University of Wyoming associate professor Bryan Leonard and colleagues explored how these and other lands surrounded by private lands, which they refer to as stranded lands, impact fire considerations in a 2021 article in Environmental Research Letters. The researchers studied fires that ignited on western public lands between 1992 and 2015 and found that ignitions on stranded public land were 14-23 percent more likely to grow to over an acre than other fires. They also analyzed the impact using 5-acre and 160-acre thresholds, and found similar results— that ignitions on stranded public lands are more likely to get bigger than those on more accessible public lands.

They also found that fires on stranded public lands were more likely to escape the crucial “initial attack” phase of firefighting, which involves rapid containment efforts that occur within the first one to eight hours after an ignition and is a key indicator of how large fires are likely to ultimately become. “If it stays small, the damages are going to be pretty limited, but as soon as it escapes that initial containment then it’s much more likely to become problematic,” Leonard says. Overall, they found that fires on stranded public lands become 18 percent larger than those that began on public land that is accessible.
In certain states, including Montana, Nevada, and Wyoming, the fires that began on stranded lands made up 10 percent of acres burned, in spite of only making up 3-6 percent of ignitions. Leonard and his colleagues also found that, on average, stranded fires were two to three times as large as non-stranded fires in these states
Not every state had the same results, though. In a few other states, including Colorado, Idaho, New Mexico, Oregon, and Utah, the 1 percent of fires that started on stranded public lands only accounted to 0.27-1.5 percent of the area burned in those states.
“I expect this has to do with differences in the extent and nature of stranded lands across these different states,” Leonard says. “Montana, Nevada, and Wyoming have some of the most extensive checkerboarding of private and public land thanks to the legacy of the railroad land grants. While not all checkerboarded lands are stranded, the two are often highly correlated, and it is not hard to imagine that conducting fire management activities is more difficult in a highly checkerboarded landscape than in one with a relatively isolated stranded parcel.”
Vegetation type, in addition to land ownership, may have contributed to this difference between states. “Most of the stranded lands in these three states are grasslands, which are associated with the faster initial spread of fires,” Leonard says.

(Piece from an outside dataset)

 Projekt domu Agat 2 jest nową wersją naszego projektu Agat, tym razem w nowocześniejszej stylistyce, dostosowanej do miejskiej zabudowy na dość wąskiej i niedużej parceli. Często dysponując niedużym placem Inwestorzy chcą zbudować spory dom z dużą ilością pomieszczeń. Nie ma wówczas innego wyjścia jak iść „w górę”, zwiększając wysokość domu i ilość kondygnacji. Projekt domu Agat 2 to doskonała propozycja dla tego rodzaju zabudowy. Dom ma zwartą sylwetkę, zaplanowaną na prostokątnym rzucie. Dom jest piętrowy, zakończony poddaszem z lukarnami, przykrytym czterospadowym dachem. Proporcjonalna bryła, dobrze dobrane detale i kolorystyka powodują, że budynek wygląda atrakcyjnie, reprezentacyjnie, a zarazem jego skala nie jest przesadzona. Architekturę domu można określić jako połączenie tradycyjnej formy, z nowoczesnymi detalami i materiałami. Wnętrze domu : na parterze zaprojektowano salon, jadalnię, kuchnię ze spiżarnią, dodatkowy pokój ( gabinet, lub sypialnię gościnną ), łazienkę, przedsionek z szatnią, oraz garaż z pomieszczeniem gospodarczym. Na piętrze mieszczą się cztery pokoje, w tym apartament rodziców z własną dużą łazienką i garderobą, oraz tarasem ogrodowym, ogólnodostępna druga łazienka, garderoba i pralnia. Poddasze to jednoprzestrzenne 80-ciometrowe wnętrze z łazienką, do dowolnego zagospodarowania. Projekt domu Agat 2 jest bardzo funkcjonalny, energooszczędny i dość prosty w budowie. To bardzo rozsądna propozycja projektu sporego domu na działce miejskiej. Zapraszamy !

The reasons why fires that start on parcels of stranded public lands are more likely to become large could be related to difficulty of accessing those lands for management, detection, and response. Even before a fire sparks, fuels management can reduce the threat of wildfire, including mechanical thinning, prescribed fire, and invasive weed management. “While many public lands are in need of additional fuels treatment, this problem is systematically worse on stranded land due to access issues,” Leonard says. In the study, stranded lands were 5 percent less likely to be the focus of management projects.

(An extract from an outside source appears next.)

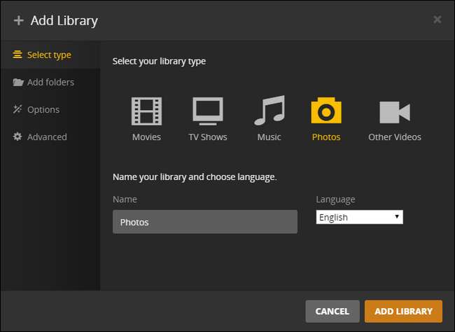 Der erste Schritt des Prozesses besteht darin, Ihren Bibliothekstyp auszuwählen, ihn zu benennen und eine Sprache auszuwählen. Wählen Sie "Fotos", nennen Sie es "Fotos" (oder, wenn Sie mehrere Bibliotheken erstellen möchten, einen aussagekräftigeren Namen wie "Familienfotos") und stellen Sie die Sprache auf Ihre Primärsprache ein. (Wenn Sie die Plex Pass-Fototagging-Funktion nutzen, werden die Tags in der Sprache hinzugefügt, auf die die Bibliothek eingestellt ist.)
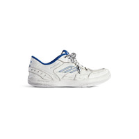 Hamptons Worn-Out Sneaker in white, dark blue and grey cowskin and polyester PRODUCT DETAILS • Cowskin and polyester • Sneaker • Worn-out effect • Scribbled laces • Raw edge and visible stitching on the upper • Balenciaga logo debossed on the upper • Balenciaga logo embossed on the outsole • 3B sports icon artwork in rubber on each side • Loop sports icon logo on the tongue and at back heel • Written size debossed on the upper and at back of the heel • Made in China Upper: cowskin, polyester - Sole: rubber - Insole: foam

“The same access issues can also complicate and slow the ‘initial attack’ once fires start, by creating confusion and logistical hurdles associated with determining land ownership and obtaining access, says Leonard. Even when private landowners are eager for assistance with fires and fire management on these lands, there can be barriers to access like locked gates that take up time. Leonard says, “These issues might be compounded in settings where the landowners have a less than amicable relationship with public land managers due to past access disputes.”

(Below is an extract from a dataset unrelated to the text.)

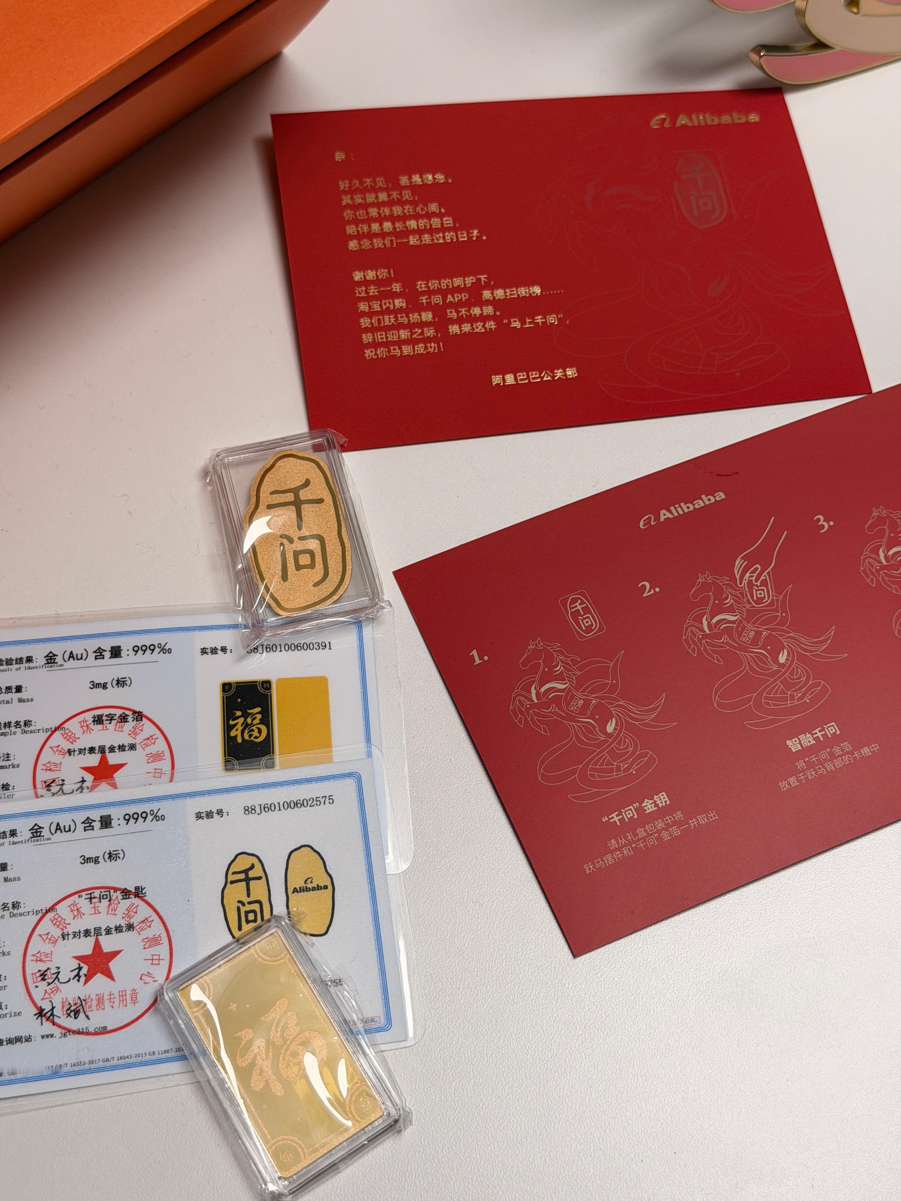 收到阿里千问新年礼盒里面真的有黄金马上有福,马上有千问

While stranded public lands can lead to significant fire management hurdles, these only represent one type of situation where public and private lands coming together complicates fire management. The wildland-urban interface (known as the “WUI”) is a transitional area where human development abuts undeveloped wildland vegetation, and is often found where public and private lands meet. The WUI has grown rapidly in recent decades, increasing by 33 percent from 1990 to 2010. A 2018 study found that houses in these areas are increasing by 41 percent, and that the WUI is the fastest-growing land use type in the Lower 48. That growth is attributable to multiple factors.
“[The WUI is] a beautiful place to live. Most people who care about the environment would like to live closer to nature, maybe see wildlife from their kitchen window,” says Volker Radeloff, a professor in forest and landscape ecology at University of Wisconsin-Madison and one of the authors of the study. “The other major factor is that downtown areas are expensive to live in and there’s a housing crisis, and so some people are also pushed out of urban areas and they have to move out into the wildlife-urban interface because that’s the only place they can afford to live. When we look at the WUI, it spans the gamut. There is Malibu WUI, but also trailer parks, and every socioeconomic group is found in the WUI.”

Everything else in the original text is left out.